The investigators also looked at patients who had BRAF mutations other than V600E, and were encouraged to find that 6 of 10 responded to vemurafenib, Dr. Chapman said in an interview. While more analysis is need, he was encouraged that it would be effective in these patients as well. Other studies are looking at efficacy in other malignancies such as thyroid cancer in which a subset of patients are known to have these mutations.

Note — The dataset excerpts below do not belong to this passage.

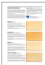
Bois de chez nous
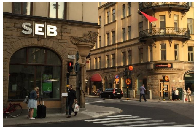
24. Scheelegatan/Hantverkargatan. Här är respektive skylt anpassad till byggnaden den sitter på och ingen dominerar över den andre i stadsmiljön. Inga skyltar där det inte är verksamheter.

Varje plats har sina förutsättningar utifrån placering i staden, storlek, synlighet, historia, mängd och typ av verksamheter och aktiviteter och så vidare.
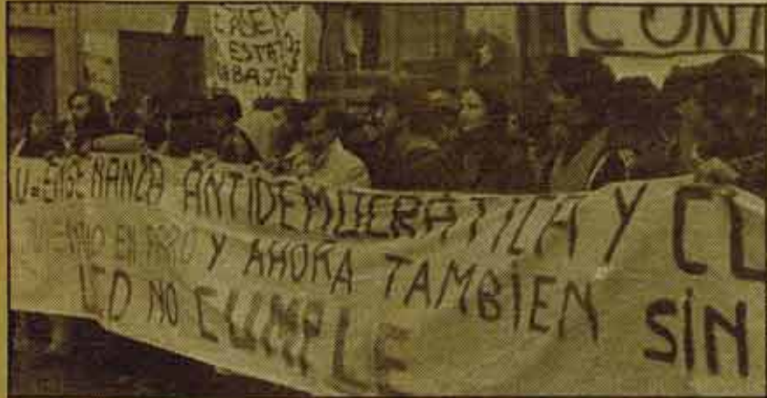
Un momento de la manifestación celebrada el día 13 por la mañana en Madrid. Se calcula en 100.000 los participantes.
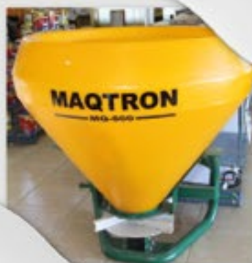
Distribuidor de Sementes e Insumos. Capacidade 600kg

As for the pressing question of how and when to use vemurafenib in clinical practice, the quick action of vemurafenib in relieving symptom burden would make it the first choice in patients who have BRAF mutations and are very sick, according to Dr. Kim Allyson Margolin of the University of Washington Fred Hutchinson Cancer Research Center in Seattle.

In an invited discussion of BRIM-3 and the new ipilimumab data, she said rapid response is likely in patients treated with vemurafenib, and their tumor burden would be lower if they switched later to ipilimumab. Other subsequent therapies and combinations need to be explored, she said.

In contrast, Dr. Margolin suggested slower-working ipilimumab might be the first choice in patients with low tumor burden and minimal symptoms. If they progress, however, she would switch them to vemurafenib. "Both agents require experience and commitment by the M.D., and patient to management of unique toxicities," she advised.

As for the studies to come next, she cited single-agent questions about biomarkers of resistance, predictors of toxicity, and patient management issues. Among agents to be studied in combination with vemurafenib, she proposed MEK inhibitors, PI3K and mTOR inhibitors, IGFR inhibitors, immunomodulators, and cytotoxic agents.

Genentech sponsored the BRIM-2 and BRIM-3 trials. Dr. Chapman reported consultant/advisory roles and research funding from its parent company Roche. Some coauthors were Roche employees, and others reported similar relationships with Genentech. Dr. Ribas and several of his co-authors reported similar consulting and advisory relationships with Roche/Genentech. Dr. Schuchter had no disclosures. Dr. Ernstoff made no relevant financial conflicts of interest.